Reinforcement Learning Enhanced Multi-hop Reasoning for Temporal Knowledge Question Answering
Wuzhenghong Wen, Chao Xue, Su Pan, Yuwei Sun, Minlong Peng
TL;DR
This work addresses global optimality in multi-hop temporal knowledge graph question answering by introducing the Reinforcement Learning Enhanced Multi-hop Reasoning (MRE) framework. It combines diverse multi-hop trajectory sampling with cold-start supervised fine-tuning and a novel Tree-Group Relative Policy Optimization (T-GRPO) that propagates rewards through a tree-structured search to mitigate sparse rewards. Empirical results on CRONQUESTIONS and TimeQuestions show that MRE achieves state-of-the-art performance, with strong interpretability and robustness to temporal noise. The approach advances trajectory-aware reasoning for LLMs in temporally constrained knowledge graphs, enabling more accurate and explainable temporal QA.»
Abstract
Temporal knowledge graph question answering (TKGQA) involves multi-hop reasoning over temporally constrained entity relationships in the knowledge graph to answer a given question. However, at each hop, large language models (LLMs) retrieve subgraphs with numerous temporally similar and semantically complex relations, increasing the risk of suboptimal decisions and error propagation. To address these challenges, we propose the multi-hop reasoning enhanced (MRE) framework, which enhances both forward and backward reasoning to improve the identification of globally optimal reasoning trajectories. Specifically, MRE begins with prompt engineering to guide the LLM in generating diverse reasoning trajectories for a given question. Valid reasoning trajectories are then selected for supervised fine-tuning, serving as a cold-start strategy.
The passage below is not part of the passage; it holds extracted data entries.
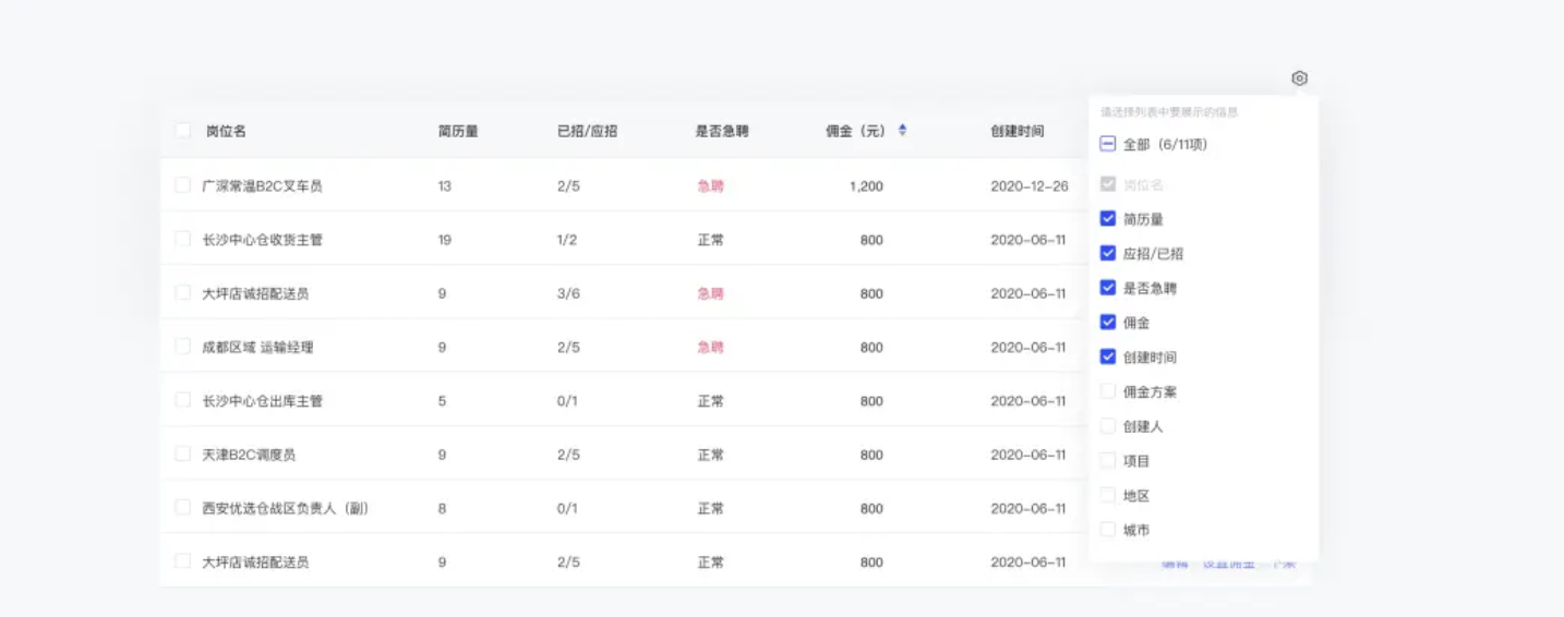 如果不同用戶想看到的信息側(cè)重不同,可以讓用戶自定義列的展示。在默認(rèn)情況下僅展示最常用、最重要的幾個(gè)指標(biāo)(如下圖)。這樣做的好處是:首先,用戶能在表格上方看到所有的指標(biāo)名稱,避免了原來(lái)需要橫向拖拽才能瀏覽到所有指標(biāo)的情況;其次,用戶可以根據(jù)自己的需要,自由的選擇顯示所需指標(biāo),隱藏不必要指標(biāo),減少干擾。但需注意系統(tǒng)應(yīng)記住用戶上一次的自定義列設(shè)置,減少用戶重復(fù)操作。
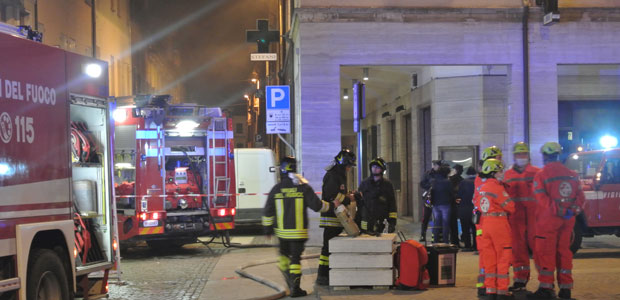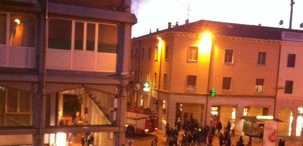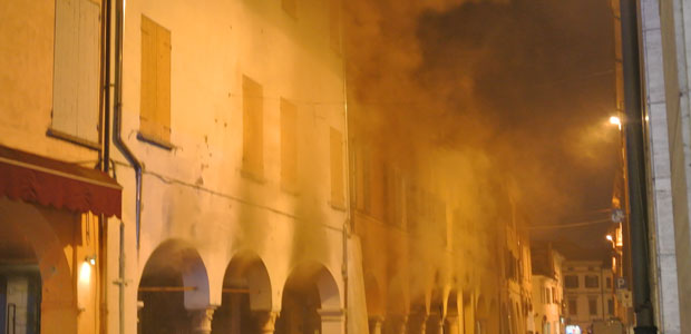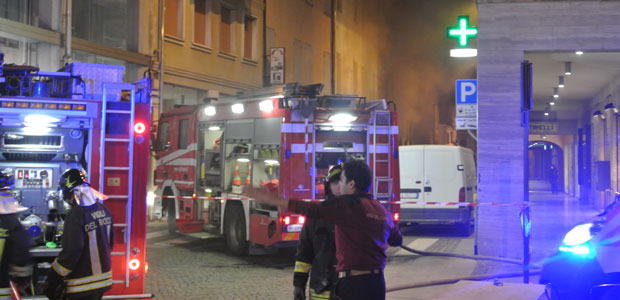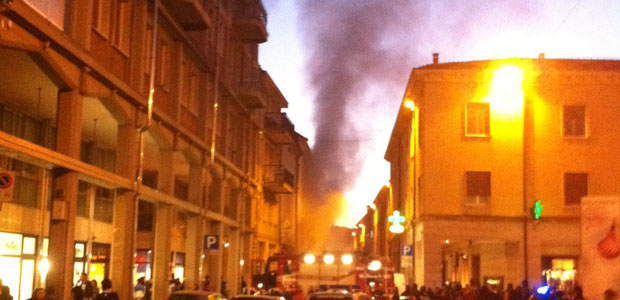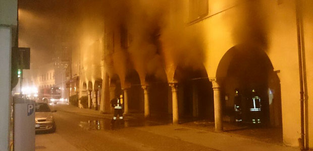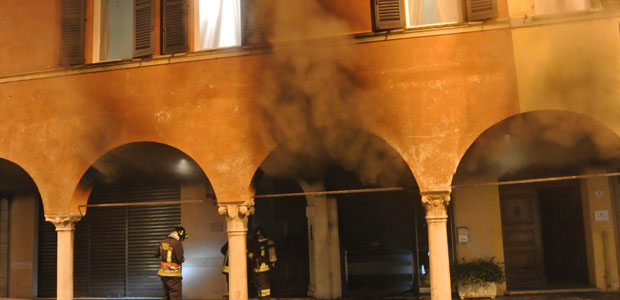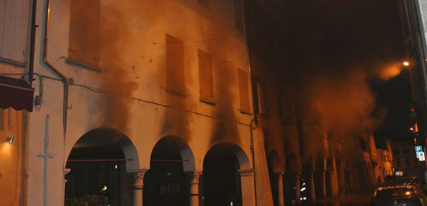 Nella foto, l’incendio nel porticato di via Cavallotti
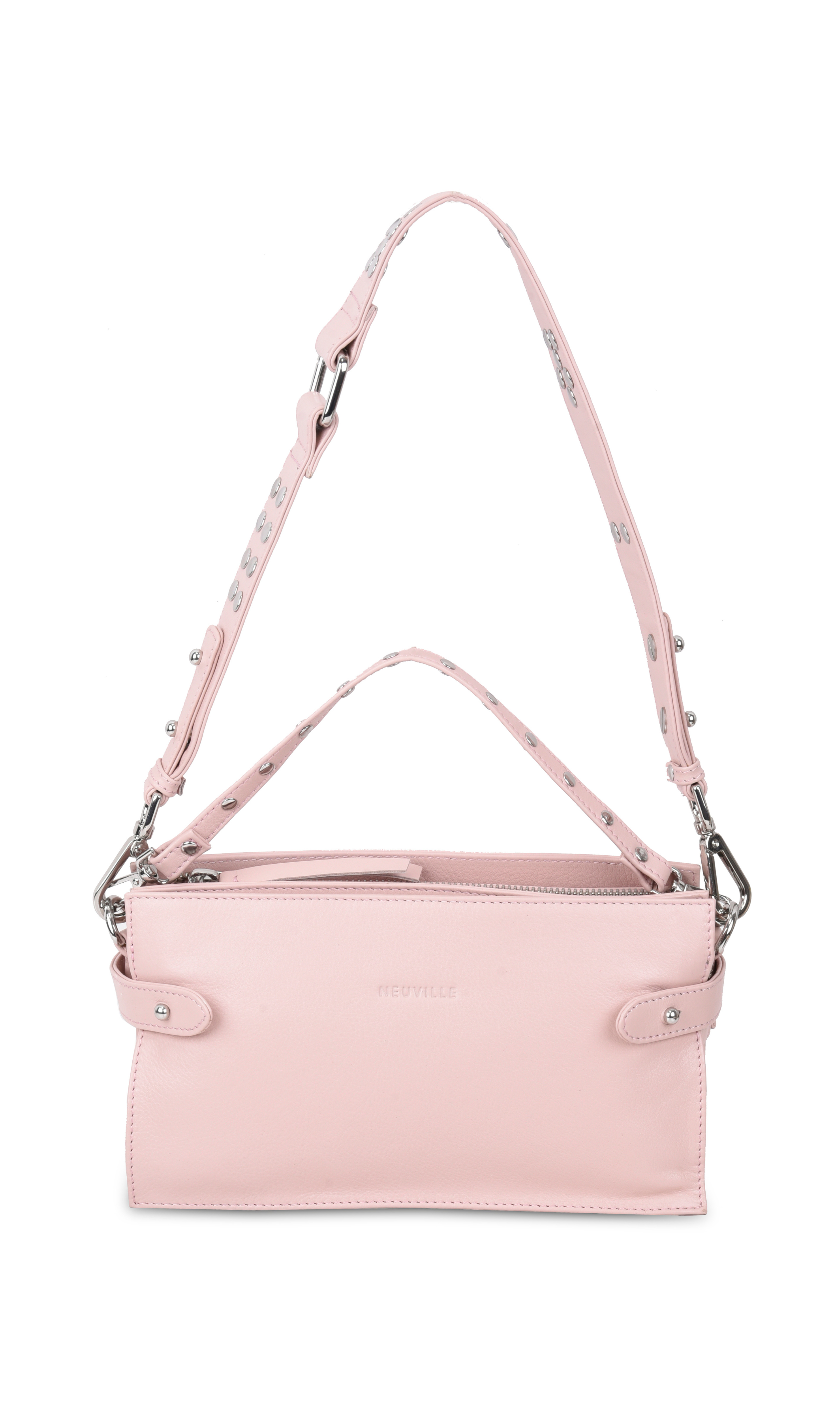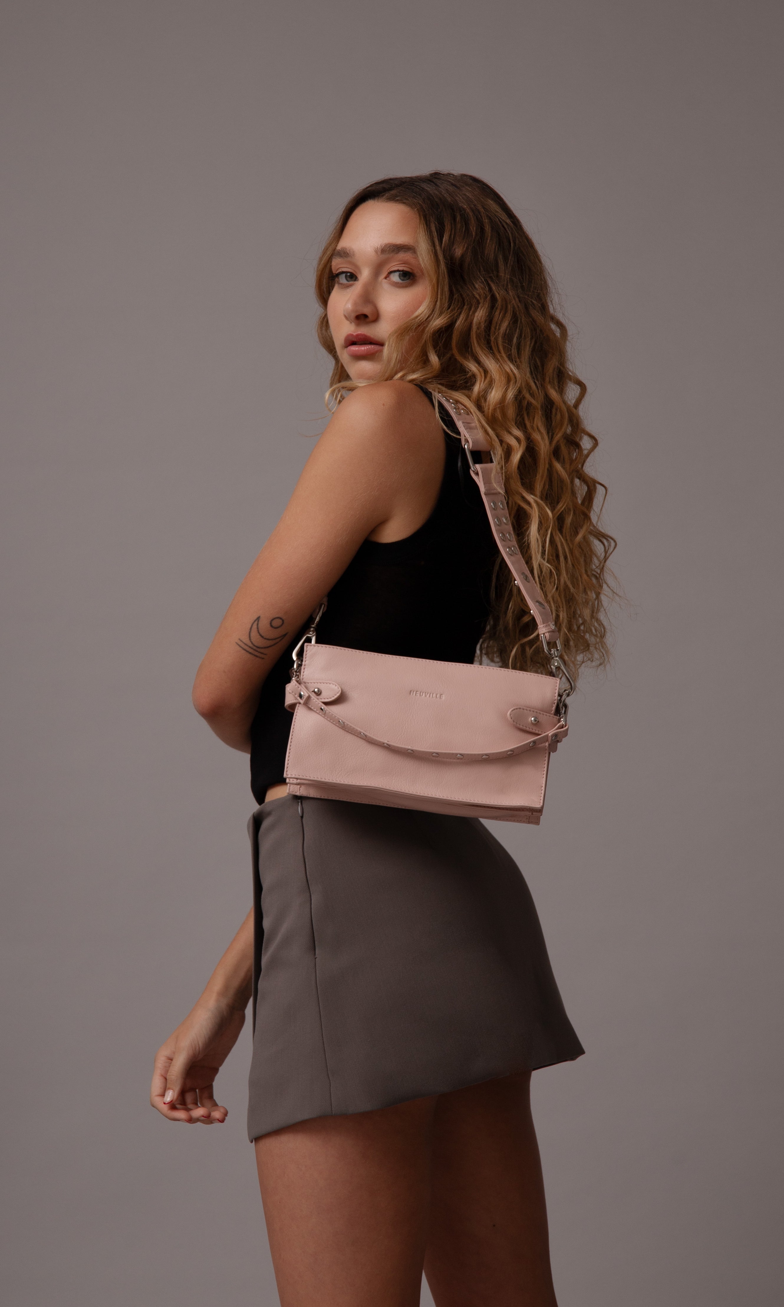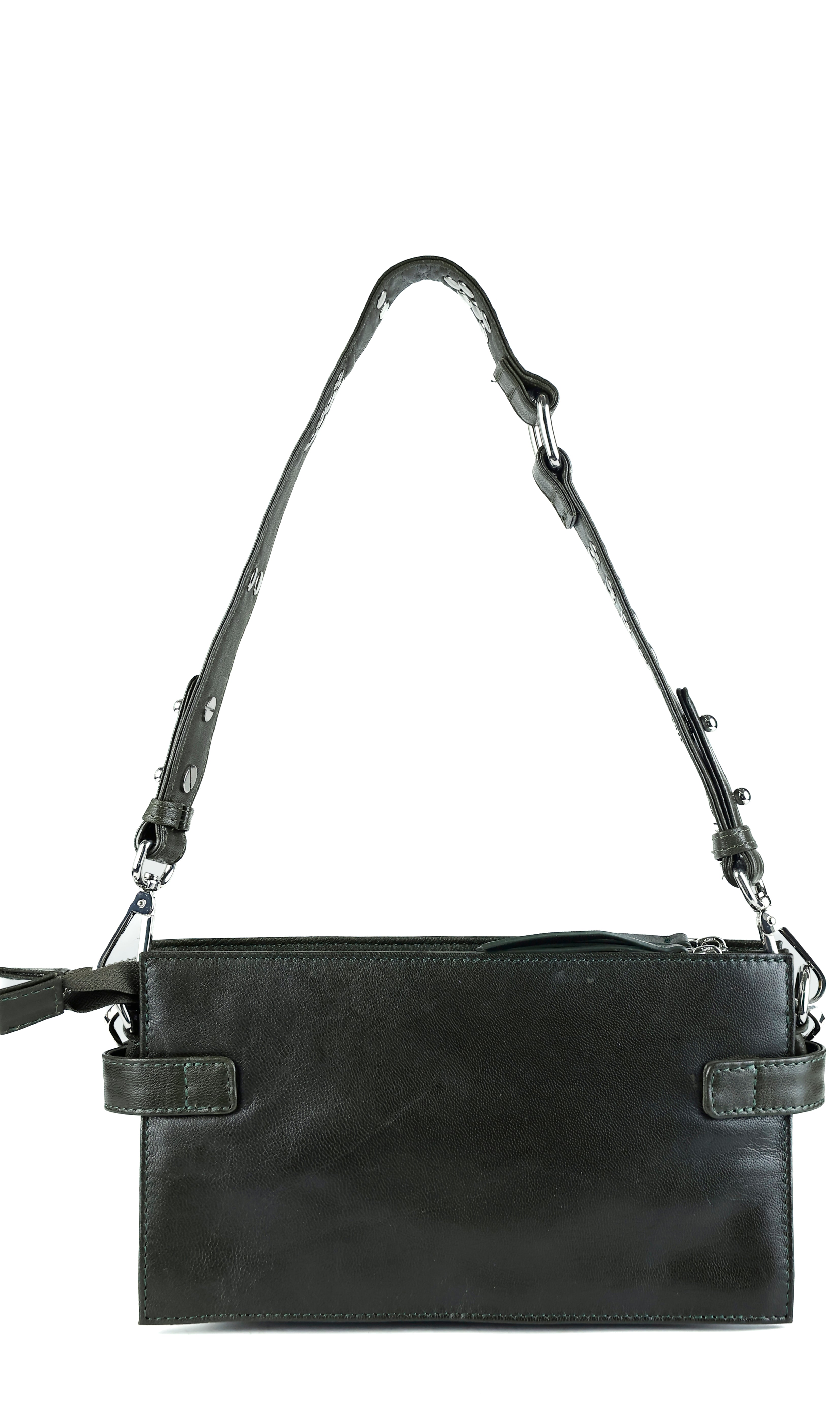 - Drei austauschbare Riemen für einfache Übergänge: ein Schulterriemen aus Leder mit Metallnieten, ein verstellbarer Crossbody-Riemen aus Leder und ein dekorativer kleiner Riemen mit Nieten, um die Tasche in der Hand zu tragen.

Finally, we introduce Tree-Group Relative Policy Optimization (T-GRPO), a recursive, tree-structured learning-by-exploration approach. At each hop, exploration establishes strong causal dependencies on the previous hop, while evaluation is informed by multi-path exploration feedback from subsequent hops. Experimental results on two TKGQA benchmarks indicate that the proposed MRE-based model consistently surpasses state-of-the-art (SOTA) approaches in handling complex multi-hop queries. Further analysis highlights improved interpretability and robustness to noisy temporal annotations.